* The data
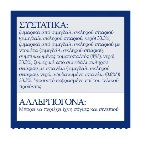 Zυμαρικά από σιμιγδάλι σκληρού ΣΙΤΑΡΙΟΥ (σιμιγδάλι σκληρού ΣΙΤΑΡΙΟΥ, νερό) 33,3%, ζυμαρικά από σιμιγδάλι σκληρού ΣΙΤΑΡΙΟΥ με ντομάτα (σιμιγδάλι σκληρού ΣΙΤΑΡΙΟΥ, συμπυκνωμένος τοματοπολτός (8%*), νερό) 33,3%, ζυμαρικά από σιμιγδάλι σκληρού ΣΙΤΑΡΙΟΥ με σπανάκι (σιμιγδάλι σκληρού ΣΙΤΑΡΙΟΥ, νερό, αφυδατωμένο σπανάκι (0,6%*)) 33,3%.
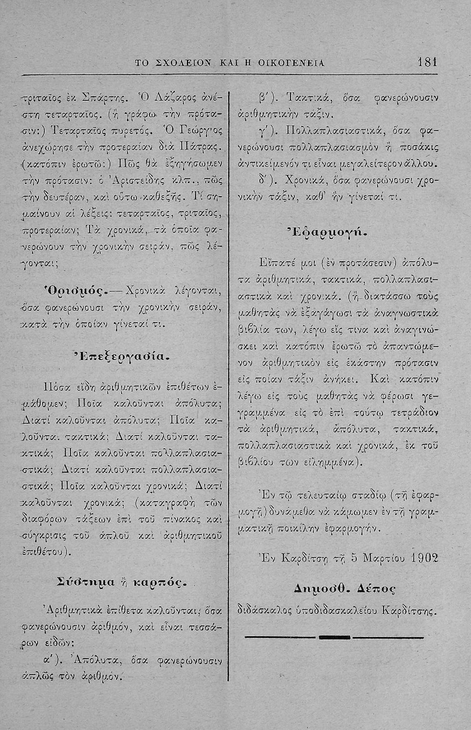Τάξη:  Γ' Ελληνικού Σχολείου / Α' Αστικού Σχολείου Θηλέων
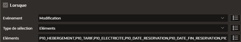 Under Oracle APEX 24.2.14, I have a form I want to recalculate the value of P10_TOTAL and regenerate it on the form each time anothers elements are modified. P10_TOTAL is a column in the table VE_RESERVATION I have created a DA with calculation of :P10_TOTAL:
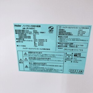 北海道札幌市中央区にて【Haier(ハイアール)JR‐N85C 85L ノンフロン冷凍冷蔵庫 2021年製】を出張査定しました

* The task
Reproduce the material above from its first line through the line containing "Τάξη:  Γ' Ελληνικού", both ends included, and skip every picture.

* Written answer
 Zυμαρικά από σιμιγδάλι σκληρού ΣΙΤΑΡΙΟΥ (σιμιγδάλι σκληρού ΣΙΤΑΡΙΟΥ, νερό) 33,3%, ζυμαρικά από σιμιγδάλι σκληρού ΣΙΤΑΡΙΟΥ με ντομάτα (σιμιγδάλι σκληρού ΣΙΤΑΡΙΟΥ, συμπυκνωμένος τοματοπολτός (8%*), νερό) 33,3%, ζυμαρικά από σιμιγδάλι σκληρού ΣΙΤΑΡΙΟΥ με σπανάκι (σιμιγδάλι σκληρού ΣΙΤΑΡΙΟΥ, νερό, αφυδατωμένο σπανάκι (0,6%*)) 33,3%.
Τάξη:  Γ' Ελληνικού Σχολείου / Α' Αστικού Σχολείου Θηλέων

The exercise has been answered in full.